Tuesday, August 10, 2010

I can't seem to get the timing right. I don't really want to care about other things right now. But it's light right when I want to pop in there to talk, something happens. Someone else either pops in or calls. The timing is just not right. So with the ebay bidding thing, I did learn a thing or 2. Which is not to give people time to bid. But how much time do I need? I think 10 seconds will do with the buffer time to confirm. There won't be enough time to make another bid on top of that. I feel now I should not think so much and just do. A simple responce. A quick responce. You tend to forget things quickly. Now is a $5 discout enough? Not really, but it's better than nothing. Got to search local ads, I forgot to look. I was just sitting here and thinking to myself good Lord where was that smell coming from? I at first thought it was my trash, but I looked up and noticed the dying flowers and you know how that can smell. And so the two have imprissoned thenselves in their cave. Not sure what it going on there.

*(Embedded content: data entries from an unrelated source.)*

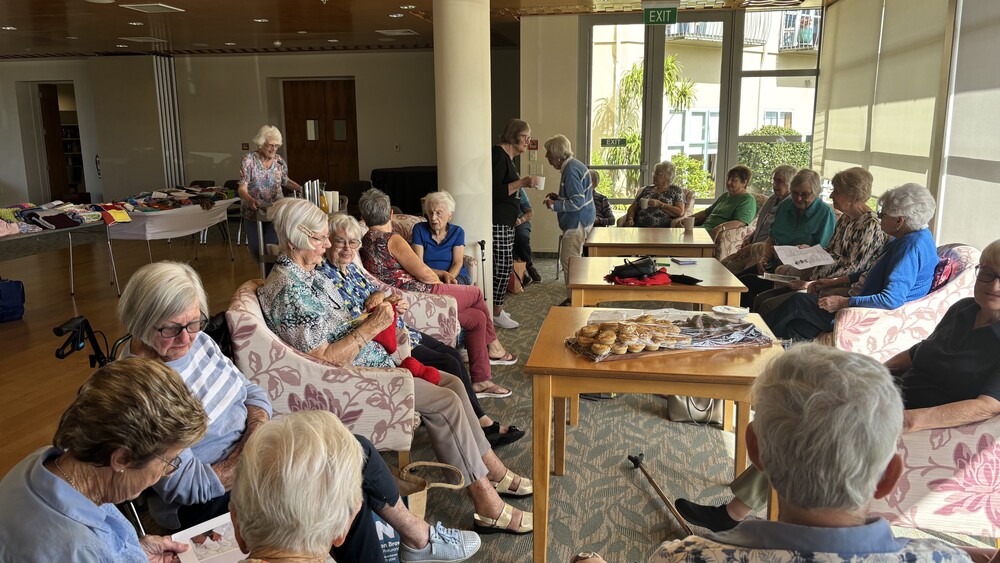 The knitting needles are also clicking away at full speed at Epsom Village, where residents recently celebrated a heartwarming milestone. The village’s knitting group marked the donation of 100 knee blankets to the Older People’s wards at Auckland Hospital with a lovely afternoon tea. The event was attended by Rodney Whitmore, Volunteer Coordinator from Patient Management Services.
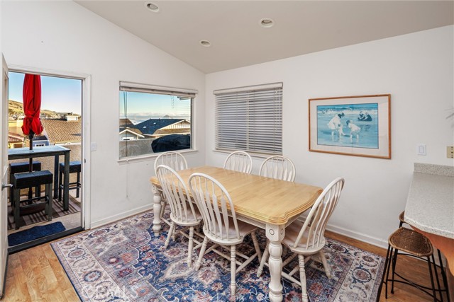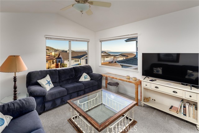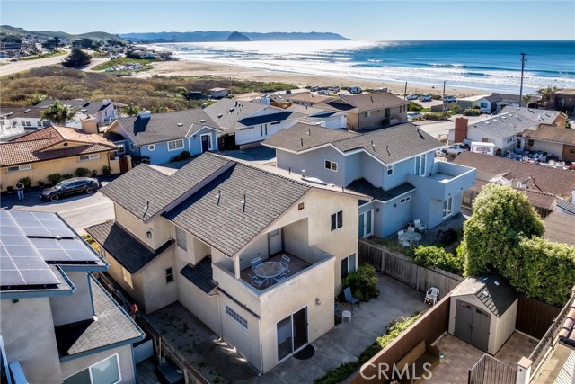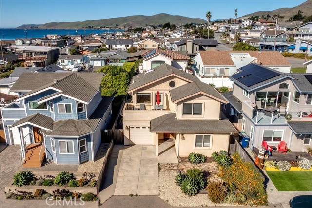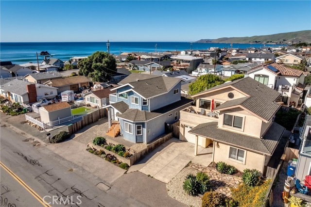 Located near the beach on desirable numbered streets, this ocean-view property offers an articulated silhouette with multiple decks, a sheltered entry, and an ample driveway providing extra parking. The property currently holds a vacation rental license, making it ideal for both personal enjoyment and income potential. A finely crafted entry door opens to a welcoming foyer with access to the garage and lower-level living areas. The garage includes washer and dryer hook-ups. The lower level features three bedrooms and two full bathrooms. One bedroom enjoys a street-facing window with a peek of the ocean, while another includes a sliding door to the rear yard. The upper level boasts vaulted ceilings, expansive glass areas, ocean views, and a convenient half bath. The well-appointed kitchen offers ample storage, quality countertops, and distinctive ceiling details. The living area includes a fireplace and additional ocean-view windows. A rear patio provides north-facing views and a peek of the ocean. An easy-care yard and nearby beach access at 24th Street complete this coastal offering.
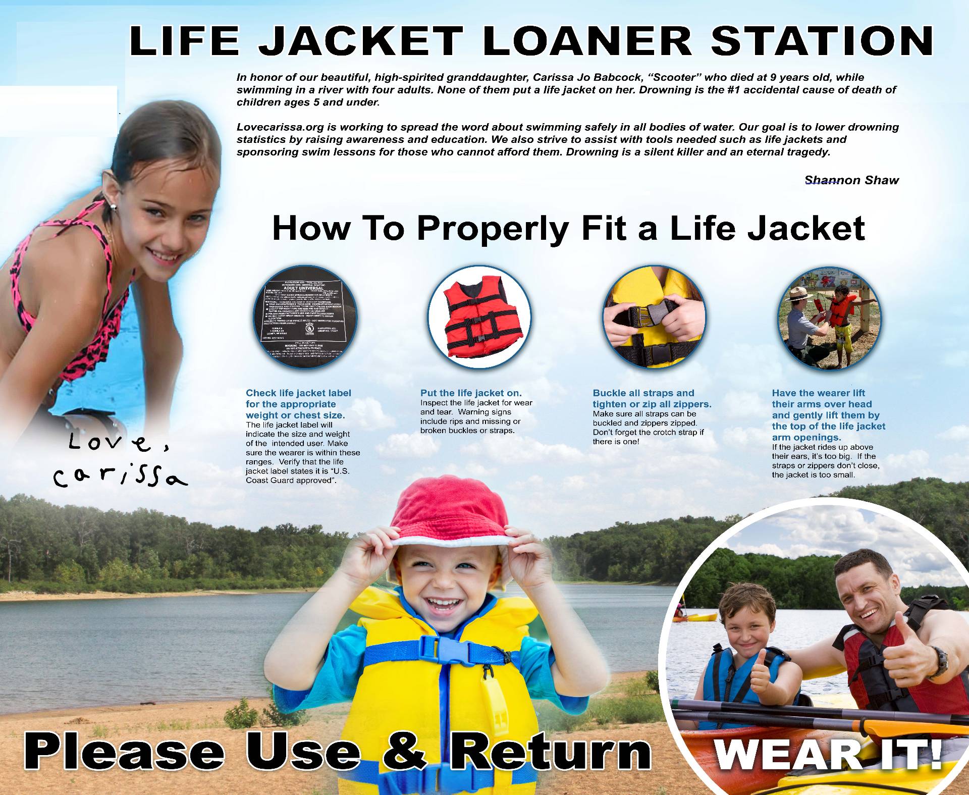 In honor of our beautiful, high-spirited granddaughter, Carissa Jo Babcock, “Scooter” who died at 9 years old, while swimming in a river with four adults. None of them put a life jacket on her. Her death and all drownings are 100% preventable! Drowning is the #1 accidental cause of death of children ages 5 and under.
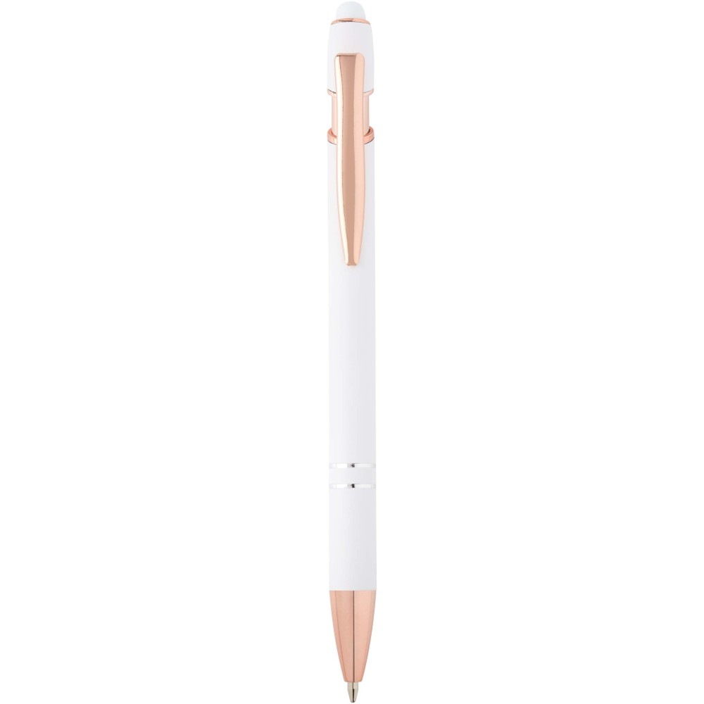 Nanna golyóstoll elegáns rózsaarany színben. A toll teste újrahasznosított alumíniumból, az érintőceruza pedig szilikonból készült, így érintőképernyős eszközökhöz is használható. Az újrahasznosított alumínium csökkenti a hulladéklerakók terhelését, segít megőrizni a természeti erőforrásokat, és célja az üvegházhatású gázok kibocsátásának mérséklése. Tinta színe: kék. Íráshossz: 800 méter. Tollhegy mérete: 1,0 mm.
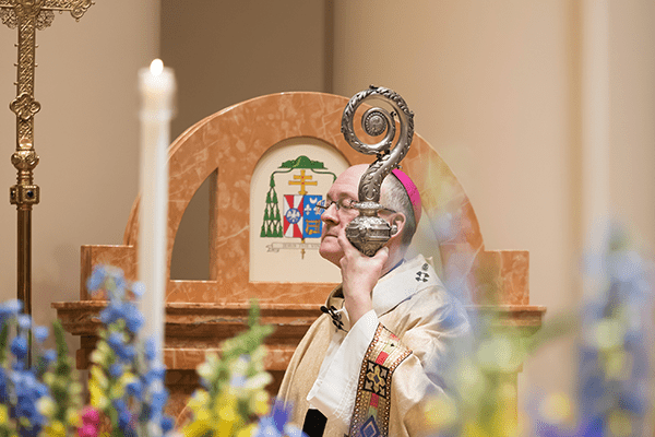 Archbishop Jeffrey S. Grob is the celebrant at the Easter Vigil held at the Cathedral of St. John the Evangelist, Milwaukee, on April 4. On Easter Sunday, he celebrated Mass at St. Agnes, Butler. (Photo by Chris Plamann)
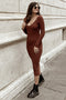 A solid hued midi dress featuring a v-neckline with an adjustable front tie, a front cutout, short ruffle sleeves, a smocked elastic back, an empire waist and an A-line double lined skirt.

This is rediculious. All they do is hide in there. What can be so important? I still want to try to finish off the salad before I go browsing. Will I still want to go back out out if I do that? I am sure salad can't sit that long without me watching it. Why so dark outside? Not sure what's up with the weather. I don't really feel much like approaching the issue. As after talking onver the phone, they seem to not want me to do anything about it. I am lossing will to be here. I am also lossing will to work on other relactions as well. Maybe too much dead air in the office. So many things I want to do... There is one pressing thing I really want to get over with. It just doesn't seem to be the right time. I have given myself this week as a deadline.